I lettori più giovani probabilmente non sanno di cosa stiamo parlando perchè questo è un fatto accaduto 39 anni fa e che in questi giorni celebra la ricorrenza.
La tragedia di Vermicino è la storia di un bimbo di 6 anni caduto dentro un pozzo molto stretto e morto dopo tre giorni di sofferenze ed inutili tentativi di salvarlo.
Una storia che tenne sveglia l’Italia intera per tre giorni, una storia raccontata da una diretta RAI non stop, una vicenda a cui partecipò in prima persona l’allora presidente della Repubblica Sandro Pertini. Una storia finita male che oggi vogliamo riproporvi attraverso le parole dell’ultimo soccorritore, un uomo di piccole dimensioni che per ultimo si infilò in quel maledetto pozzo per salvare la vita del piccolo Alfredino.
Ripercorriamo la storia da un articolo del Corriere della Sera.
I fatti– Alfredino, aveva sei anni. Era in vacanza con i suoi genitori nella casa di Vermicino, Roma. Il pomeriggio di quel 10 giugno, alla fine di una passeggiata con il padre Ferdinando, chiese: «Papà, posso tornare per i campi da solo?». L’uomo acconsentì e lo vide allontanarsi felice verso casa. Due ore dopo lungo quello stesso percorso c’erano decine di persone a chiamare il suo nome. Alfredino era scomparso. Fu la nonna a suggerire l’idea di un pozzo appena scavato ma coperto da una lamiera e delle pietre. Un poliziotto si prese la briga di sollevarle e sentì un rantolo provenire dal fondo: Alfredino era li, a 64 metri di profondità di un pozzo stretto, molto stretto.

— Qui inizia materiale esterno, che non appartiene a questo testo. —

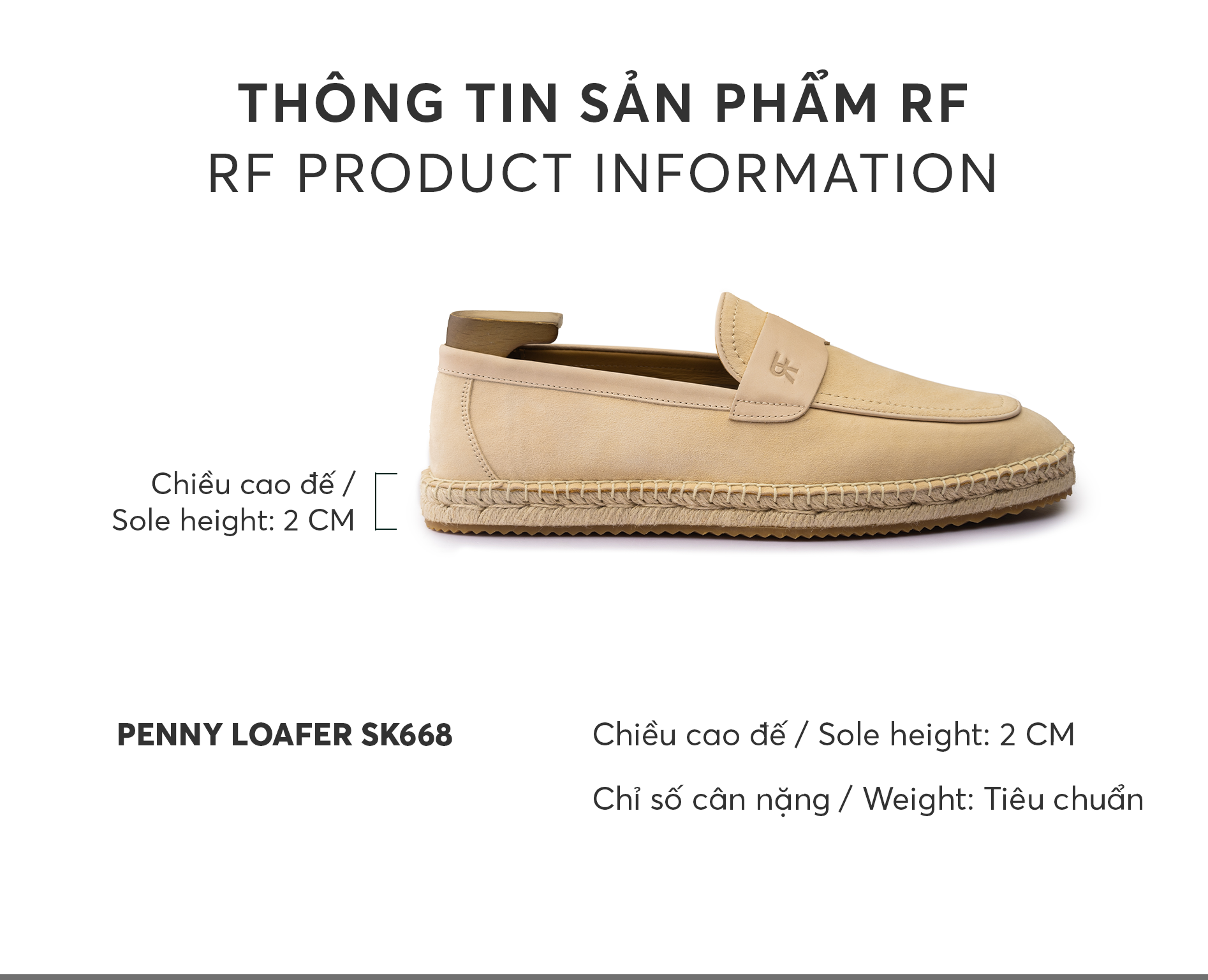 Giày da bê cao cấp Penny Loafer Espadrille RF SK668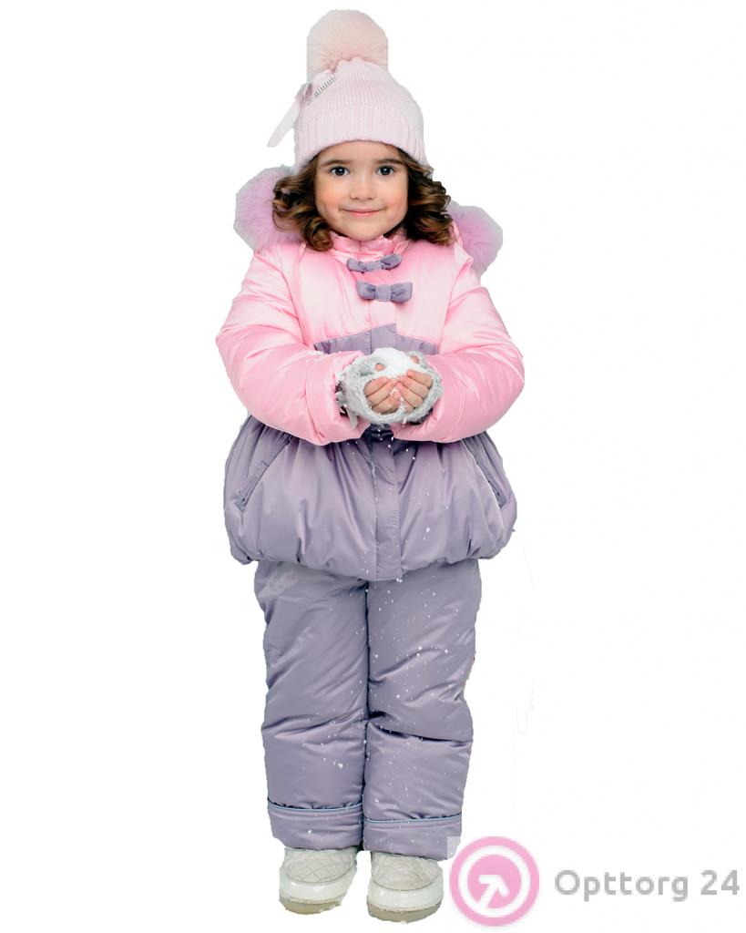 Костюм для девочки зимний серо-розовый с бантиками оптом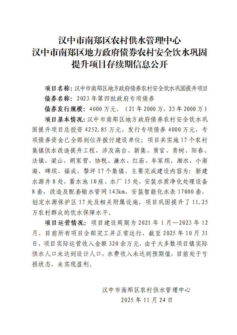 汉中市南郑区农村供水管理中心汉中市南郑区地方政府债券农村安全饮水巩固提升项目存续...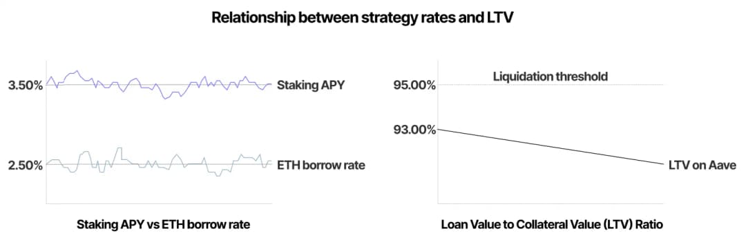 Built-In De-Risking Mechanism: When the osETH APY exceeds the average ETH borrow rate, the strategy on Aave experiences a decline in the LTV ratio, continuously de-risking its use for stakers.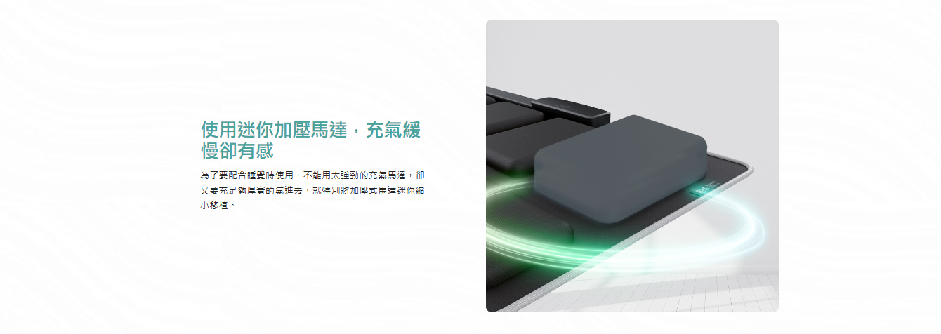 為了要配合睡覺時使用,不能用太強勁的充氣馬達,卻又要充足夠厚實的氣進去,就特別將加壓式馬達迷你縮小移植。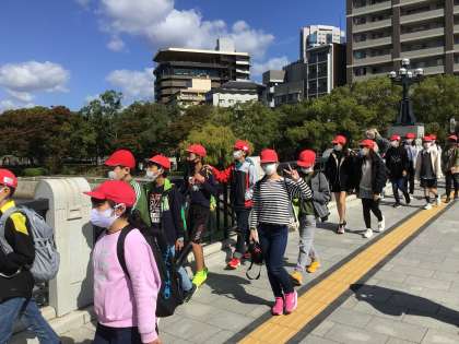 【26日水曜 6年生 修学旅行 広島平和学習】35 公開日 2022/10/26 更新日 2022/10/26 五常小の日常 次は、平和セレモニーのため移動します。 結構秋の色をしていますね。 とても美しい平和公園です。 いいね(0)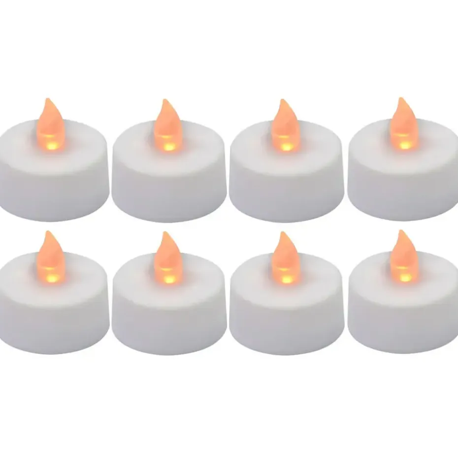 Deze set bevat 8 flikkerende LED waxinekaarsjes die veilig en sfeervol licht geven zonder echte vlam. Elk theelichtje werkt op een inbegrepen CR2032 celbatterij en heeft een handig aan/uit-schakelaartje aan de onderkant.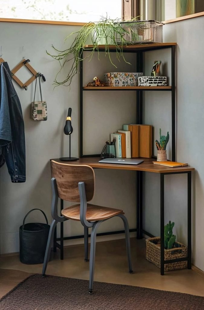 A gray chair pairs with the desk, while books, plants, and decor fill the shelves. A hanging plant and jacket hooks add a cozy, lived-in feel to this efficient workspace.

Da quel momento scattarono le le ricerche e le soluzioni più disparate per accedere nel pozzo: intervennero pompieri, geologi, speleologi. Si pensava di scavare ma il rischio di peggiorare la situazione era altissimo. Ci furono diversi tentativi di scendere in profondità ma risultarono inutili a causa delle ridotte dimensioni del pozzo. Finchè…finchè un uomo di piccole dimensioni non si volle avventurare: Angelo Licheri, sardo di Gavoi. Nel racconto della moglie le sue ultime parole a casa prima della decisione: come tutti gli italiani rimase davanti allo schermo per due giorni finché la sera del 12 giugno disse alla donna che allora era sua moglie: «Esco a prendere le sigarette». E lei: «Fra mezz’ora è pronta la cena». Lo vide uscire e – confesserà dopo – le venne spontaneo un pensiero: «Vuoi vedere che quel pazzo vuole andare a Vermicino…». Nelle ore precedenti lo aveva visto davanti allo specchio fare strane contorsioni con le braccia in alto. «Che fai?» aveva chiesto. «Niente, un po’ di ginnastica», aveva risposto lui. Ma cos’altro poteva essere quella strana ginnastica se non prove immaginarie di movimenti nel pozzo? Lei non disse nulla ma capì.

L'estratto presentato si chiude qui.